Kataloniens suspendierte Scheidung
11. Oktober 2017Mit Spannung war die Rede von Regionalpräsident Carles Puigdemont erwartet worden: Wird er die Abspaltung Kataloniens von Spanien verkünden? Wird er einknicken? Puigdemont wählte einen Weg irgendwo dazwischen - und sorgt damit für erhebliche Verwirrung. Bei seiner Ansprache im Regionalparlament in Barcelona erklärte der Separatistenführer die Unabhängigkeit, setzte sie aber gleich wieder aus. Damit solle Zeit gewonnen werden, um den von der Zentralregierung in Madrid bisher verweigerten Dialog doch noch zu erzwingen.
Wie wird Madrid reagieren?
"Das ist ein Witz, wir rätseln alle, was das zu bedeuten hat", sagte Joaguín Luna von der Zeitung "La Vanguardia", einer der angesehensten Zeitungen Spaniens. "Alles hängt jetzt davon ab, ob die Regierung in Madrid davon ausgeht, dass Puigdemont die Unabhängigkeit erklärt hat oder nicht." Sollte die spanische Regierung unter Ministerpräsident Mariano Rajoy zu diesem Schluss kommen, wird eine harte Reaktion erwartet. Die Regionalregierung könnte abgesetzt und Katalonien unter direkte Verwaltung Madrids geraten.

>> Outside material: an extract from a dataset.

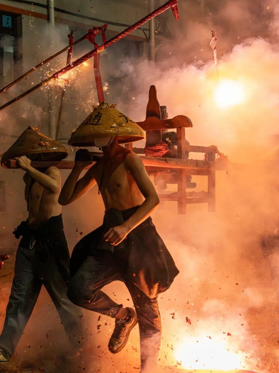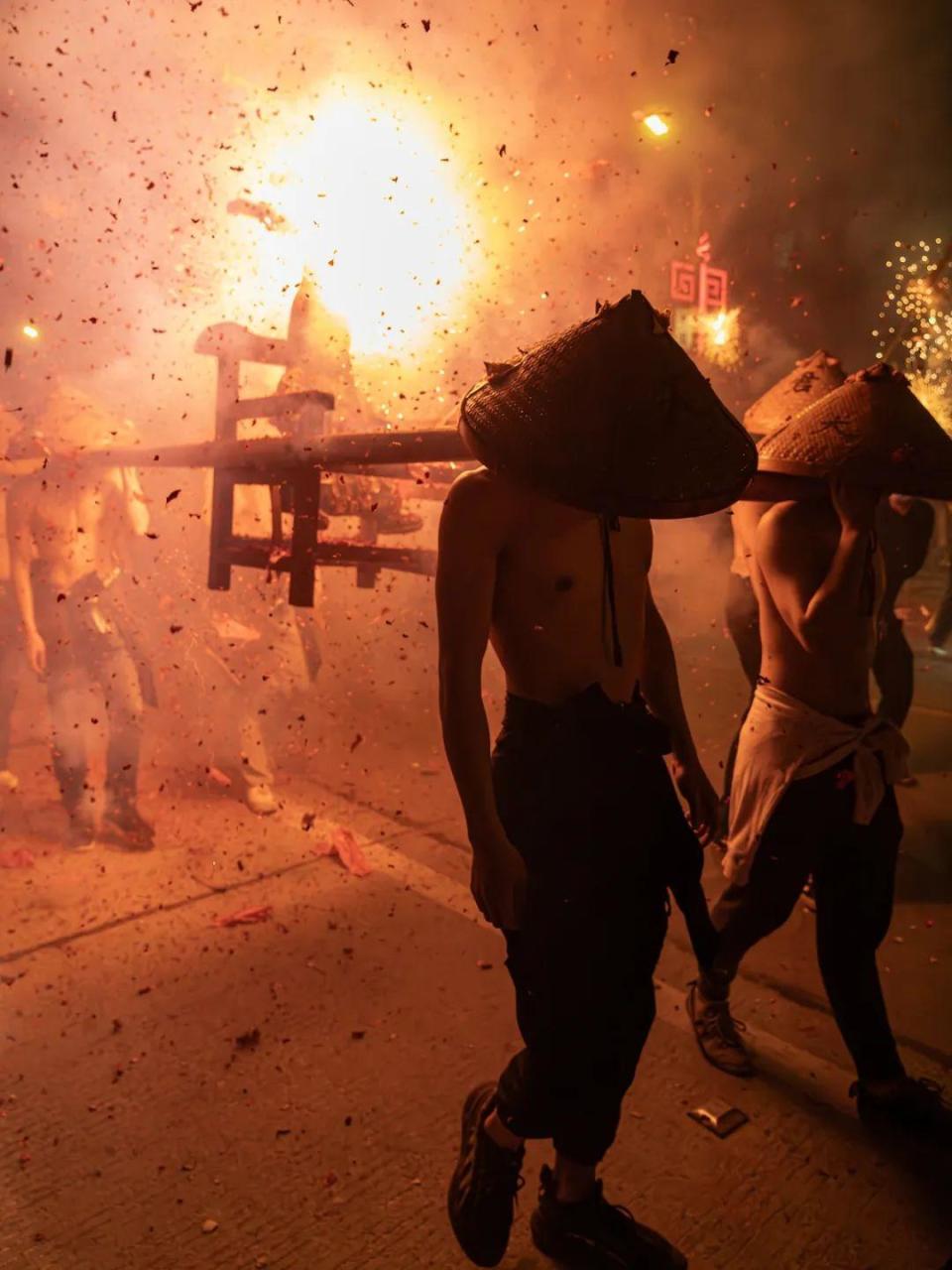 而对游客而言,炸佛的另一大看点就是抬佛的青年男子们。这些男孩必须从本地人中挑选,一般都是青壮年,他们头戴斗笠,赤裸着上身。除了抬佛像的几个,还有一些人紧跟在佛像后面作为轮替。抬佛像的人事先都要诚心沐浴净身,据说这样抬的过程中才不会被鞭炮弹着身子,烧伤疼痛,而且今后会好运气。

Die Zentralregierung in Madrid bezeichnete die Erklärung Puigdemonts als "inakzeptabel". Dieser habe Katalonien "in die größtmögliche Ungewissheit gestürzt", sagte Vize-Ministerpräsidentin Soraya Saénz de Santamaría in Madrid. Puigdemont wisse offensichtlich nicht, "wo er steht, wohin er geht und mit wem er gehen will", sagte sie. Der konservative Regierungschef Mariano Rajoy habe für Mittwochvormittag eine Kabinettssitzung einberufen, um "über die nächsten Schritte zu beraten".

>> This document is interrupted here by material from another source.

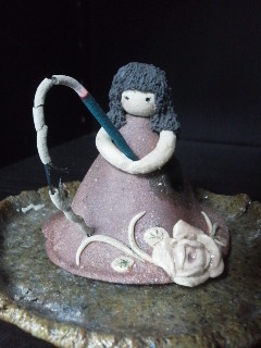 手元には穴を開けて お香を持たせるように作った作品

Rätselraten um Unabhängigkeitsdokument
Puigdemont unterzeichnete nach seiner Rede zusammen mit Regierungsmitgliedern und den separatistischen Abgeordneten im Regionalparlament ein Dokument zur Unabhängigkeit. Aber auch dessen Bedeutung ist nebulös. Nach Angaben des spanischen Fernsehens 24h enthält dieses Papier keinen Hinweis auf eine Suspendierung. Da es sich aber nicht um eine Abstimmung handelt, sei es nur ein vorläufiges Papier, eine Art Manifest. Sollten die geforderten Gespräche mit der Zentralregierung nicht zum gewünschten Erfolg führen, werde die Unabhängigkeitserklärung dem Regionalparlament zur förmlichen Abstimmung vorgelegt und erst dann wirksam, interpretierte der Sender die zugänglichen Informationen.
Bei seiner ausgesetzten Unabhängigkeitserklärung berief sich Puigdemont auf das umstrittene Referendum vom 1. Oktober, bei dem rund 90 Prozent für eine Trennung von Spanien gestimmt hatten. Die Abstimmung hatte gegen den Willen Madrids stattgefunden und war zudem vom Verfassungsgericht untersagt worden. Der katalanische Regierungschef sagte dazu: "Es gibt auch Demokratie jenseits der Verfassung."
Kritik von Puigdemonts Koalitionspartner
Bei den schätzungsweise rund 10.000 Abspaltungsbefürwortern, die sich vor der Rede unweit des Regionalparlaments im Zentrum Barcelonas versammelt hatten, löste die beabsichtigte Unabhängigkeitserklärung zunächst lauten Jubel, die Aussetzung ihrer Ausrufung aber sofort ein Pfeifkonzert aus. Ein Dialog sei wohl unvermeidlich, aber an dessen Ende müsse die Unabhängigkeit stehen, sagten viele Bürger. Andere würden sich auch damit zufrieden geben, dass Madrid einer Wiederholung des am 1. Oktober trotz eines Verbots des Verfassungsgerichts abgehaltenen Referendums zustimmt.
Puigdemonts Koalitionspartner, die Linkspartei CUP, kritisierte den Verzicht auf eine sofortige Unabhängigkeitserklärung. Ihre Partei sei der Meinung, "dass heute der Tag war, um feierlich eine katalanische Republik auszurufen", sagte die CUP-Abgeordnete Anna Gabriel. Mit Puigdemonts Bitte um einen Aufschub "haben wir wahrscheinlich eine Gelegenheit verpasst."